Structural characterization and immunoregulatory activity of glycoprotein in Lanzhou lily

Abstract

Lanzhou lily has been confirmed as health care product and medicine because of its great ornamental and edible medicinal values. At present, the research on Lanzhou lily glycoprotein has not been reported in the literature. In this study, the glycoprotein components of Lanzhou lily were extracted and purified, and its structural characterization and immunological activity were studied. The results showed that Lanzhou lily glycoprotein (LGP-1) was linked by O-glycopeptide bonds and had characteristic absorption peaks of carbohydrate and protein. Moreover, LGP-1 possessed great immunological activity. When RAW264.7 was cultured for 48 hours with the glycoprotein concentration of 100 µg/mL, it could significantly promote cell proliferation and activate RAW264.7 to release NO and TNF-α. This confirms that LGP-1 has the potential to become a functional food.

Introduction

Lanzhou lily (Lilium davidii var. unicolor Salisb.) is the only dual-use sweet lily in China. Because of its high carbohydrate and low crude fiber contents, it is one of the important economic crops of Lanzhou and surrounding areas (Wang et al., 2018). As confirmed by reports, Lanzhou Lily, as a medicinal plant; has revealed various biological activities such as anti-oxidation (Li et al., 2020a), anti-tumor (Han et al., 2013) and immunity enhancement (Sun et al., 2014).
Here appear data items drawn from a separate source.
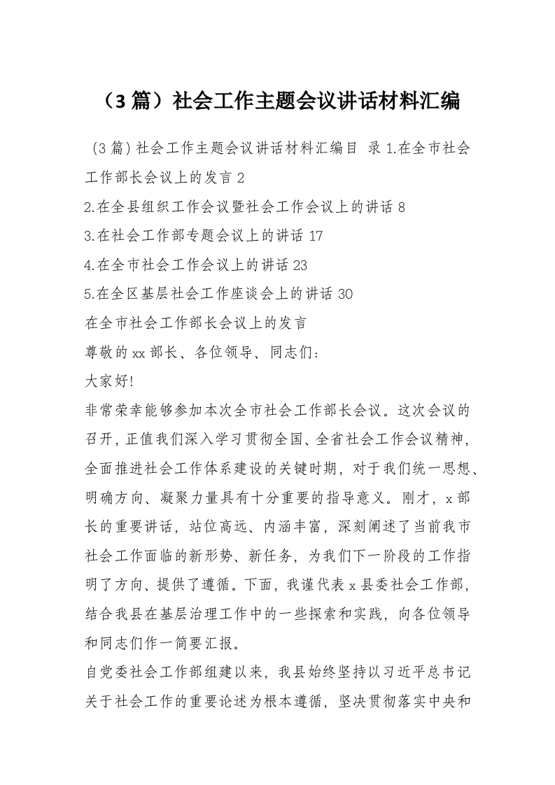 首页材料汇编(3篇)社会工作主题会议讲话材料汇编
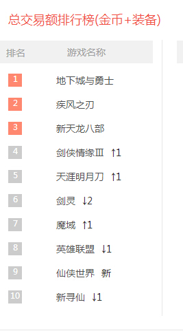 根据本周游戏币交易数据总数,游戏出现和新上榜网游,包括稳定居位,游戏根据游戏币交易总数和显示数据,根据热门交易数据排名显示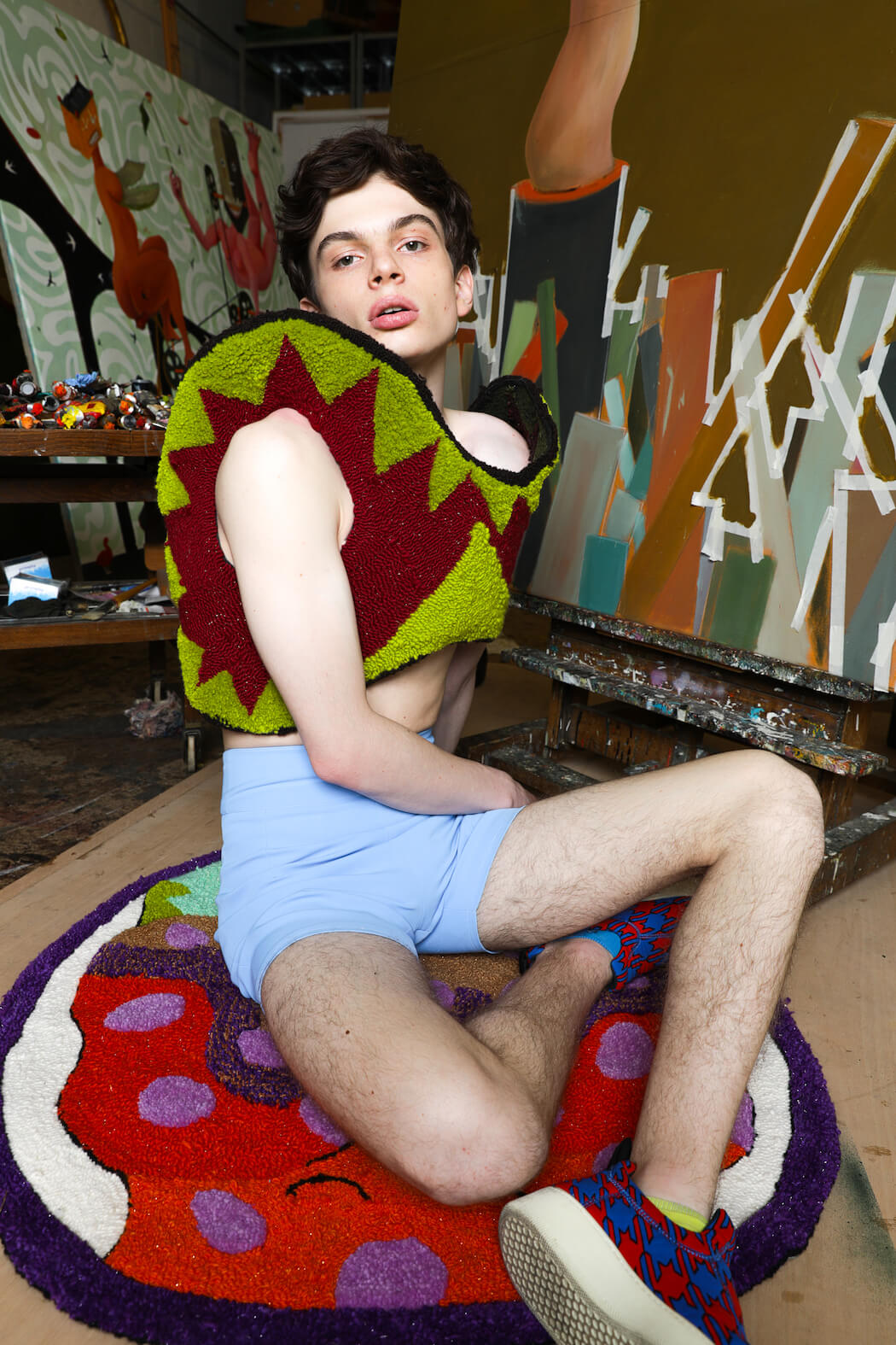 A KALTBLUT exclusive. Photography by Christian Walzl. Models are Leon Jérônimo Bürgi and Denis Charles Emmenegger. Hair and make up by Vanessa Cisullo. Styling by Carlos Pereira. Artworks by Dimitri Horta. Carpet Artworks by Talaya Schmid.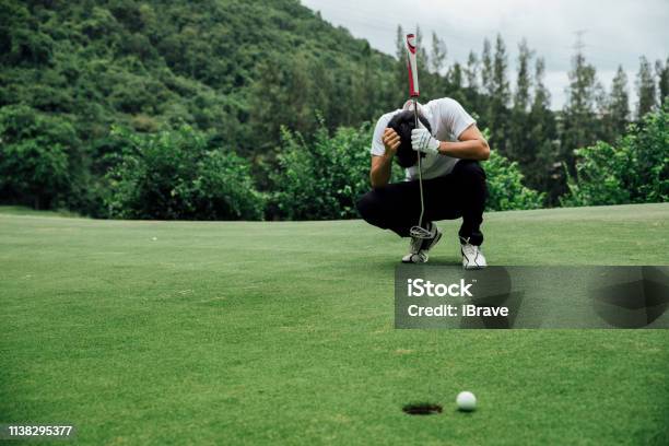 Stress Golfer sit sad about losing on the golf course. failure idea concept.

As a binding protein, glycoprotein is formed by covalent bond between carbohydrates and polypeptides or proteins (Yun et al., 2018). It is a macromolecular substance playing a wide biological role in living organisms. Studies have revealed that more than 80% of proteins are glycoproteins, including many hormones, immunoglobulins, structural proteins, carrier proteins and receptors (Li et al., 2013). They play various biological activities, such as antioxidant, immune regulation and anti-tumor (Dan et al., 2018).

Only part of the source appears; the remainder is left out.